▶

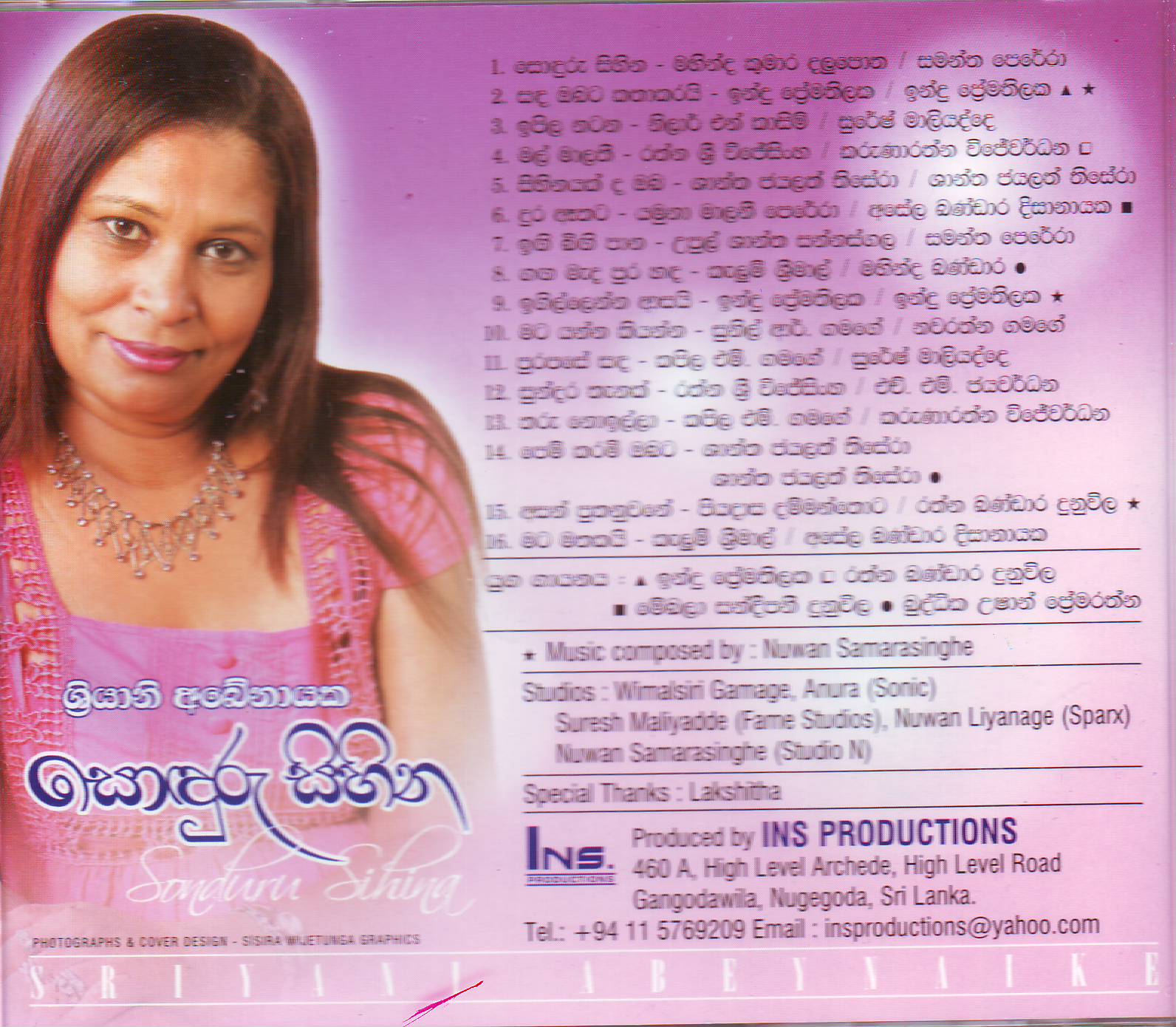 Sonduru Sihina is the debut compact disc containing 16 songs by Sriyani Abeynayake. The CD is produced by INS Productions of Nuhgegoda, Sri Lanka. The music compositions for the albums are by H M Jayawardena, Karunaratne Wijewardena, Samantha Perera, Suresh Maaliyadde, Navaratne Gamage, Mahinda Bandara, Shantha Jayalath Thisera, Indu Premathilaka, Asela Bandara Disanayake, and Rathna Bandara Dunuwila. Lyrics are by Mahinda Kumara Dalupotha, Indu Premathilaka, Nilar N Cassim, Rathna Sri Wijesinghe, Shantha Jayalath Thisera, Yamuna Malini Perera, Upul Shantha Sannasgala, Kelum Srimaal, Sunil R Gamage, Kalipa M Gamage, and Piyadasa Dammantota. Recording and CD Mastering is by Sonic, Fame Studio, Sprax, and studio N. Photos and CD cover design is by Sisira Wijetunga.
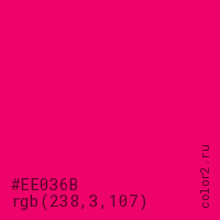 Цвет #EE036B в цветовой модели RGB обозначается тремя октетами (238, 3, 107) в десятичном формате и #EE036B в шестнадцатиричном (hex) формате, которые являются интенсивностью красного 238 (hex EE), интенсивность зелёного 3 (hex 03) и интенсивность синего 107 (hex 6B).
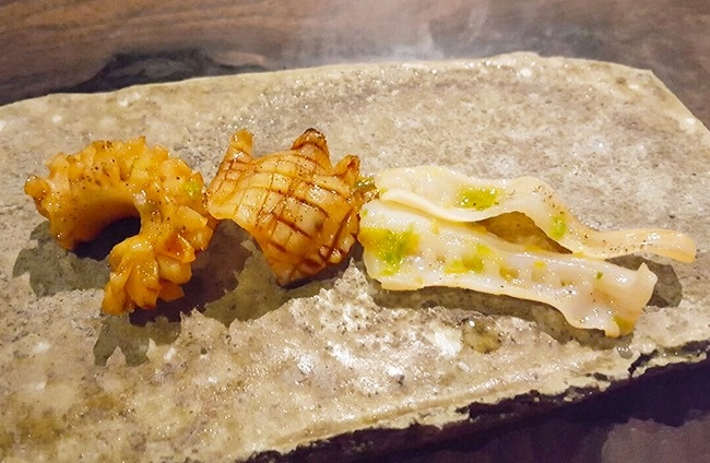 Pero luego vino un platillo que le causó euforia: el erizo marino en pudín de pan, bañado en salsa de trocitos de pan. Ella no ha sido la única en maravillarse con este plato, pues en muchas reseñas de los comensales del Saison es el erizo marino quien se lleva las mejores palabras.
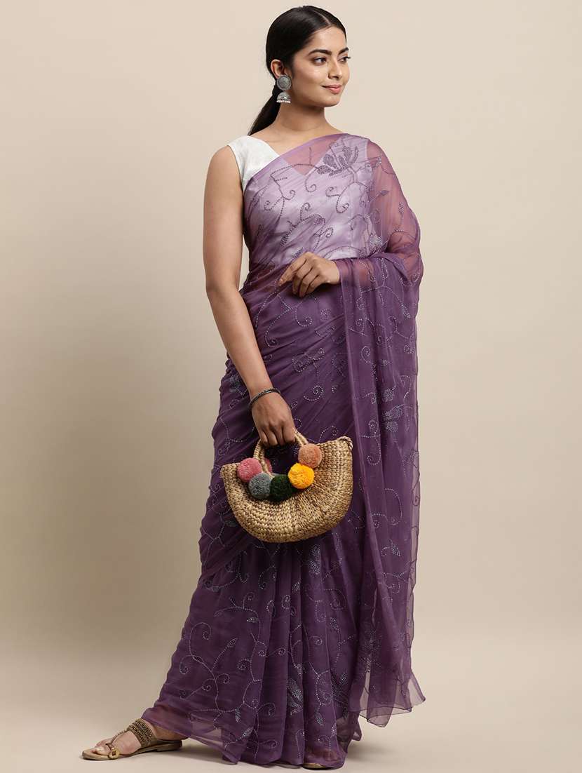 purple sequined saree with blouse
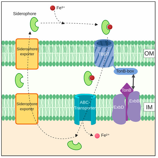 The import of iron-loaded siderophores is broadly similar across many bacteria and is illustrated in Figure 4. The transport of incoming siderophore-iron complexes into the periplasmic space is enabled by receptor proteins, TonB-dependent transporters (TBDT) located in the outer membrane. TBDTs consist of a β-barrel domain and a “plug” domain in the barrel interior that acts in concert with a TonB-box on the periplasmic side. Energy for transport is derived from the proton-motive force and is mediated through the association of TonB with inner membrane proteins ExbB and ExbD, forming a TonB-ExbB-ExbD-complex. Once in the periplasm, Fe3+-loaded siderophores are transported across the inner membrane, often by ABC-transporters [90].

◀

#### [TRY IT]
The lines from the one containing "Pero luego vino" through the final line of the data are to be repeated exactly, with both ends included and all pictures left out.

#### [ANSWER BELOW]
 Pero luego vino un platillo que le causó euforia: el erizo marino en pudín de pan, bañado en salsa de trocitos de pan. Ella no ha sido la única en maravillarse con este plato, pues en muchas reseñas de los comensales del Saison es el erizo marino quien se lleva las mejores palabras.
 purple sequined saree with blouse
 The import of iron-loaded siderophores is broadly similar across many bacteria and is illustrated in Figure 4. The transport of incoming siderophore-iron complexes into the periplasmic space is enabled by receptor proteins, TonB-dependent transporters (TBDT) located in the outer membrane. TBDTs consist of a β-barrel domain and a “plug” domain in the barrel interior that acts in concert with a TonB-box on the periplasmic side. Energy for transport is derived from the proton-motive force and is mediated through the association of TonB with inner membrane proteins ExbB and ExbD, forming a TonB-ExbB-ExbD-complex. Once in the periplasm, Fe3+-loaded siderophores are transported across the inner membrane, often by ABC-transporters [90].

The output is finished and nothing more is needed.